Amazon Athena also supports the crc32 function so we can derive the partition from the ORDER_ID field.

In [6]:
%%local

import boto3,time
import pandas as pd

region='us-east-1'
defaultdb="tempdb"
default_output="s3://<athena_query_results_bucket>/"

## execute Athena SQL
def executeQuery(query, database=defaultdb, s3_output=default_output, poll=0.5):
    athena = boto3.client('athena',region_name=region)
    response = athena.start_query_execution(
        QueryString=query,
        QueryExecutionContext={
            'Database': database
            },
        ResultConfiguration={
            'OutputLocation': s3_output,
            }
        )

    print('Execution ID: ' + response['QueryExecutionId'])
    queryExecutionId=response['QueryExecutionId']
    state='QUEUED'
    while( state=='RUNNING' or state=='QUEUED'):
       response = athena.get_query_execution(QueryExecutionId=queryExecutionId)
       state=response['QueryExecution']['Status']['State']
       print (state)
       if  state=='RUNNING' or state=='QUEUED':
            time.sleep(poll)
       elif (state=='FAILED'):
             print (response['QueryExecution']['Status']['StateChangeReason'])
        
        
    #print (response)    
    return response

## Read from Athena to a Pandas Dataframe
def read_from_athena(sql):
    response=executeQuery(sql)
    return pd.read_csv(response['QueryExecution']['ResultConfiguration']['OutputLocation'])


In [7]:
%%time

sql="""SELECT * FROM "tempdb"."xyzzypq" where order_id = 100"""

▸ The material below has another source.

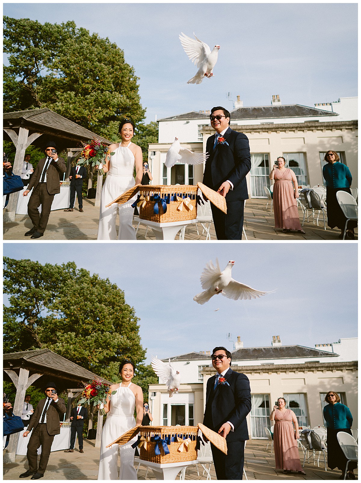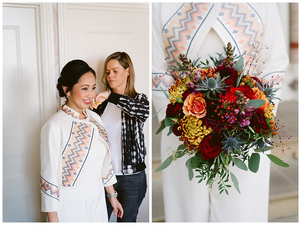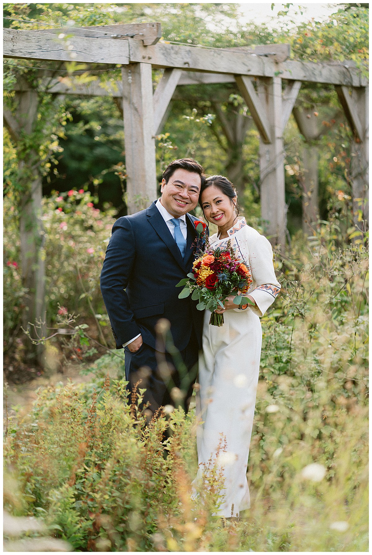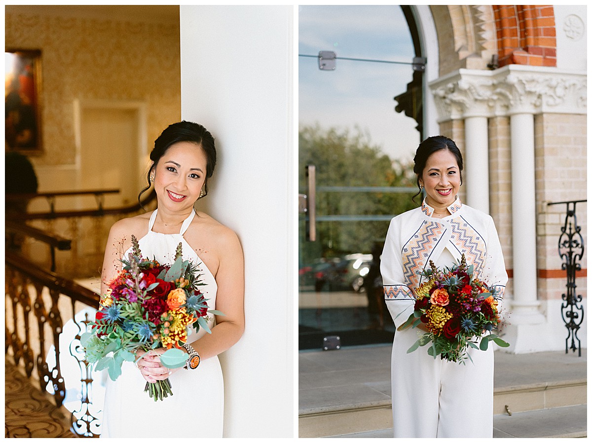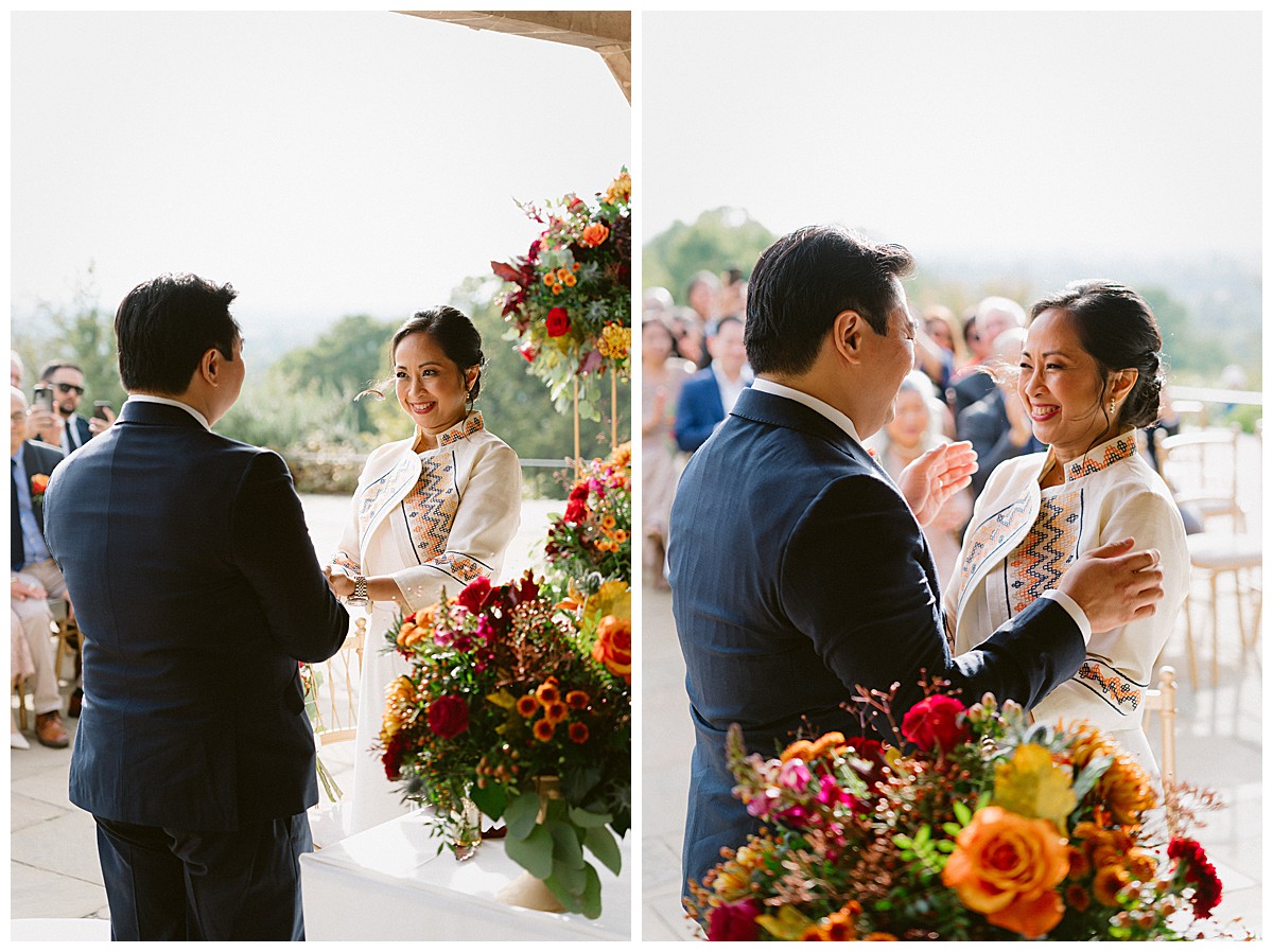 With family in the UK and The Philippines, Bernadette, or Bernie as she much preferred, & Carlos chose an autumn wedding at Pembroke Lodge to get all their nearest and dearest together. We planned the wedding remotely with the help of Pinterest, sharing stationery designs, and emails to develop the colour blend and style. B&C were an absolute dream of a couple to work with, and they were really enchanted by the idea of an autumn wedding, echoing the turning of the leaves, nature’s vibrant hues, and the rich palette of colours that the season naturally offers. As we got closer to the wedding day, we realised that this might turn out to be an unusually warm early October and we quickly adapted our plans to work equally well outside, should the sun shine brightly that day. And OMG, it did, it was literally like a summer’s day, much to everyone’s delight.

response=executeQuery(sql)

Execution ID: 8a1419d3-b644-497f-8525-5b1f24325163
QUEUED
RUNNING
RUNNING
RUNNING
RUNNING
RUNNING
SUCCEEDED
CPU times: user 178 ms, sys: 8.01 ms, total: 186 ms
Wall time: 5.33 s


In [8]:
%%time

sql="""SELECT * FROM 
(Select * from "tempdb"."xyzzypq_p1" 
where partition_key=cast(mod(crc32(to_utf8(cast(order_id as varchar))),20) as varchar))
where order_id = 100"""

response=executeQuery(sql)

Execution ID: 82b76930-09b4-47dc-be15-0b79bba9e125
QUEUED
RUNNING
RUNNING
SUCCEEDED
CPU times: user 39.7 ms, sys: 1.07 ms, total: 40.8 ms
Wall time: 2.27 s


### Conclusion

**We see an improvement of around 50% in query response times for this query.** The subquery can be easily saved to an Amazon Athena view so that users do not have to specify the partition_key in their queries but it is automatically applied in the query.